_About this task:_
In the entries below, find the line with "Набор рожковых гаечных" and the line with "8.5 X 11 Acrylic"; copy them and every line between them exactly, but not the pictures.

[Records from a collection]
· · · · · · ·

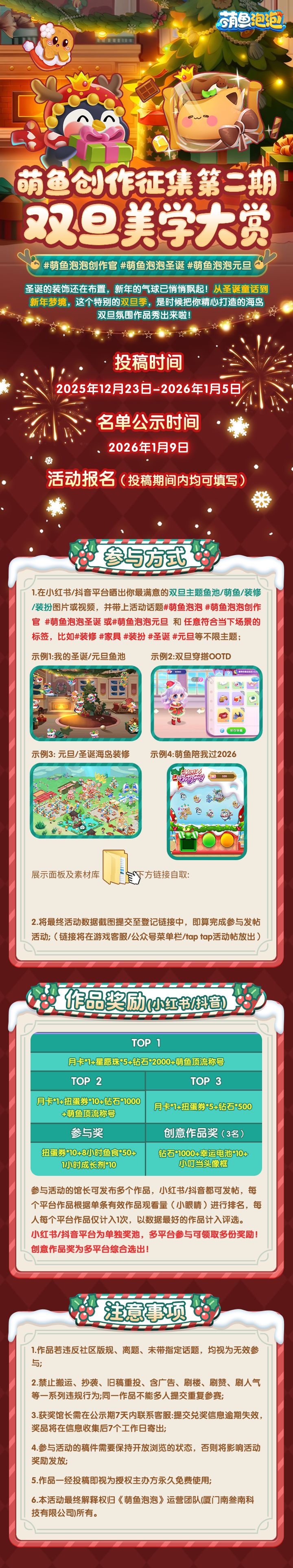 作品数据登记链接:https://wj.qq.com/s2/25313204/740y/萌鱼素材领取链接:https://pan.quark.cn/s/f016ec9f5aeb#萌鱼泡泡 #萌鱼泡泡创作官 #萌鱼泡泡圣诞 #萌鱼泡泡元旦
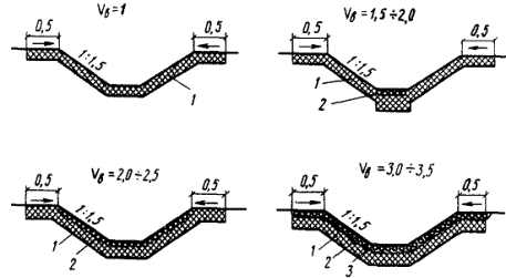 обочин геотекстилем: 3.71. Обочины земляного полотна следует укреплять гравийно-песчаным или щебеночным материалом, шламом, шлаком и другими отходами промышленного производства, геотекстилем (см. рис. 23, тип 31), а также бетонными плитами на основе технико-экономических расчетов. 3.72. В проектах автомобильных дорог согласно требованиям п. 1.5 настоящих норм необходимо предусматривать комплекс мероприятий по охране окружающей среды: рекультивацию карьеров и резервов, восстановление нарушенной техногенным воздействием прилегающей к дорогам полосы отвода, восстановление нарушенных территорий в местах дислокации дорожно-строительных подразделений - с определением требуемых объемов производства работ и их сметной стоимости. Водоотводные сооружения3.73. В зависимости от рельефных, гидрологических, гидрогеологических и мерзлотно-грунтовых условий поверхностные и грунтовые надмерзлотные воды отводят от дорожного полотна с помощью следующих сооружений: боковых водоотводных канав, лотков или лотков-полутруб, притрассовых резервов; нагорных мерзлотных валиков, приоткосных берм и нагорных канав; поперечных водоотводных канав. В 13 дорожно-климатической подзоне на участках с несливающейся вечной мерзлотой допускается (при соответствующем технико-экономическом обосновании) проектировать для отвода вод дренажные конструкции. 3.74. Размеры водоотводных сооружений назначают по гидравлическому расчету, учитывая приток вод и глубину их залегания, площадь осушаемой территории и ее инженерно-гидрологические условия. Форму поперечного сечения канав принимают такой, чтобы обеспечить механизацию работ и устойчивость откосов. 3.75. Водоотводные канавы проектируют на устойчивых основаниях, сложенных непросадочными и малопросадочными грунтами. При этом дно и откосы канав (кюветов), устройство которых предусматривается в легкоразмываемых грунтах, следует укреплять одиночным или двойным слоем луговой или тундровой дернины, камнем, гравийно-песчаной смесью, бетонными плитами, уложенными по мху, или геотекстильным материалом (рис. 24). Если скорость течения воды превышает допустимую для соответствующих типов укрепления, необходимо предусматривать перепады, быстротоки или водобойные колодцы. Рис. 24. Поперечные сечения водоотводных канав: 3.76. В равнинной и слабопересеченной местности, сложенной грунтами 1-II категорий просадочности, канавы (притрассовые резервы) проектируют непосредственно V подошвы насыпи. В такой же местности, сложенной грунтами III категории просадочности, устройство канав предусматривают на расстоянии не менее 5 м от подошвы насыпи. 3.77. Запрещается проектировать водоотводные и нагорные канавы в грунтах IV-V категорий просадочноcти. При наличии таких грунтов в равнинной и слабопересеченной местности предусматривают максимально естественный сток поверхностных вод либо приоткосные бермы, а на косогорных участках, кроме берм, и нагорные валики (см. рис. 12). Высоту нагорных валиков назначают с обязательным превышением максимального расчетного уровня воды на 0,25 м. В случае устройства валиков следует предусматривать обязательное сохранение мохорастительного покрова в основании. Откос валика и полосу вдоль его подошвы на ширину 1 м с нагорной стороны укрепляют крупнообломочным грунтом по слою мха или торфа. При его отсу
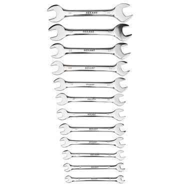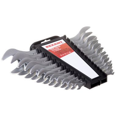 Набор рожковых гаечных ключей REXANT предназначен для монтажа и демонтажа резьбовых соединений: болтов, гаек, муфт и т. д. Хромованадиевый сплав, из которого изготовлены ключи, обладает такими свойствами, как прочность, жесткость, устойчивость к износу. Во время прокаливания он менее подвержен деформациям и потере первоначальной формы, чем другие типы инструментальной стали. Хромовое покрытие защищает рожковые ключи от образования ржавчины, продлевает их срок службы. Инструменты просты в обращении и обеспечивают доступ к любому крепежу. Гаечные ключи применяются в быту, слесарных мастерских и на производстве. Набор поставляется в пластиковом футляре для удобного хранения и транспортировки.
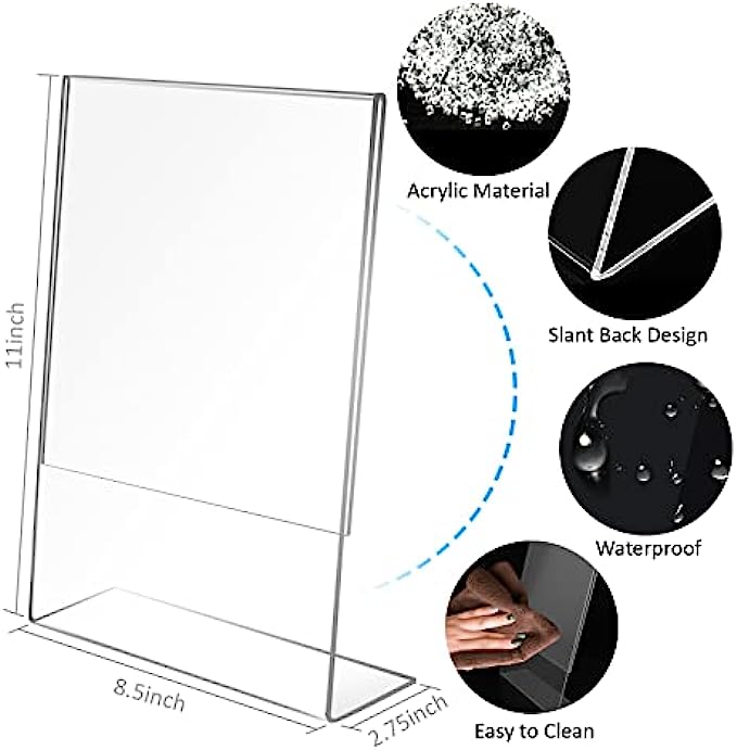8.5 X 11 Acrylic Sign Holder Slant Back Design Plastic Display Stand Clear Table Single Sheet Portrait Ad Frames Paper Holder for Home, Office, Store, Restaraunt - 8 Pack (8)
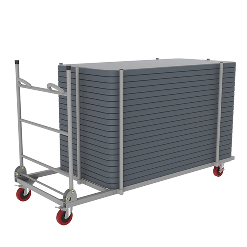 Carucior pliabil cu baza extensibila. Ideal pentru mesele XL120, XL150, XL180 si XL240. Realizat din otel vopsit. Capacitate: 20 buc. XL150, 20 buc. XL180, 18 buc. XL240.
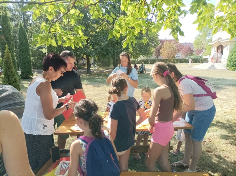 a „Szent Lajos akadályverseny” keretében a gyerekeknek állomásokon keresztül vonulva kellett feladatokat megoldani. Az első helyszín az oltár előtt várta őket, bent a templomban, a többi pedig kint az udvaron: fejtörők, rejtvények, kézműves feladatok sora várt rájuk, hogy a végén jöjjön a „meglepetés”.
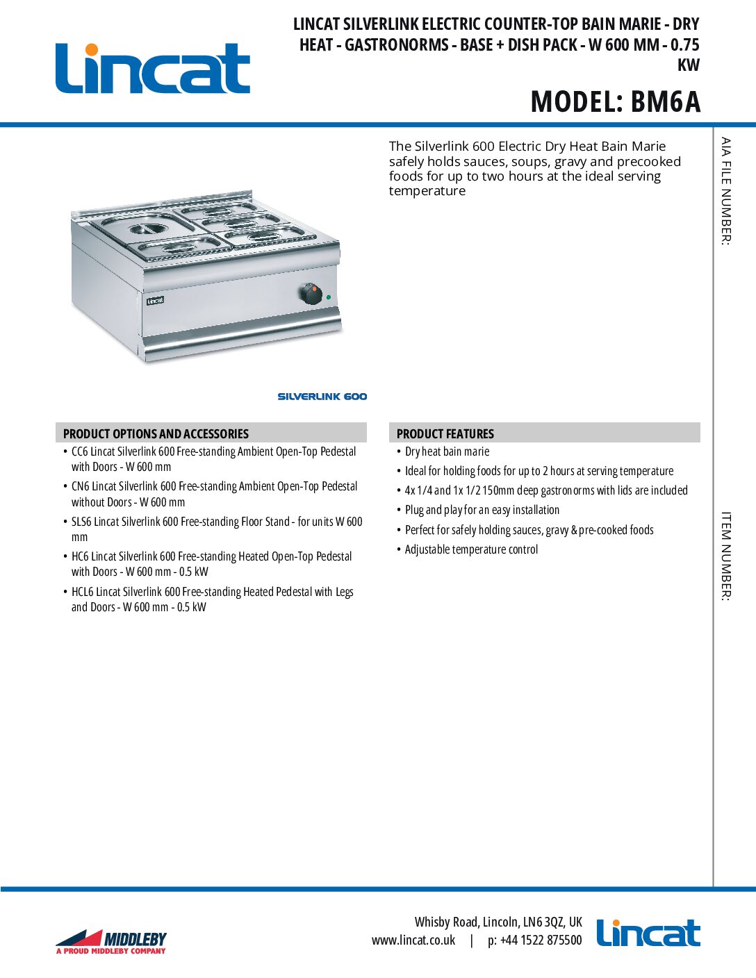 Lincat BM6A Dry Heat Electric Bains Marie is part of the Lincat Silverlink range which is modular 600mm deep prime cooking equipment. (light-medium duty)

· · · · · · ·

_Finished task:_
 Набор рожковых гаечных ключей REXANT предназначен для монтажа и демонтажа резьбовых соединений: болтов, гаек, муфт и т. д. Хромованадиевый сплав, из которого изготовлены ключи, обладает такими свойствами, как прочность, жесткость, устойчивость к износу. Во время прокаливания он менее подвержен деформациям и потере первоначальной формы, чем другие типы инструментальной стали. Хромовое покрытие защищает рожковые ключи от образования ржавчины, продлевает их срок службы. Инструменты просты в обращении и обеспечивают доступ к любому крепежу. Гаечные ключи применяются в быту, слесарных мастерских и на производстве. Набор поставляется в пластиковом футляре для удобного хранения и транспортировки.
8.5 X 11 Acrylic Sign Holder Slant Back Design Plastic Display Stand Clear Table Single Sheet Portrait Ad Frames Paper Holder for Home, Office, Store, Restaraunt - 8 Pack (8)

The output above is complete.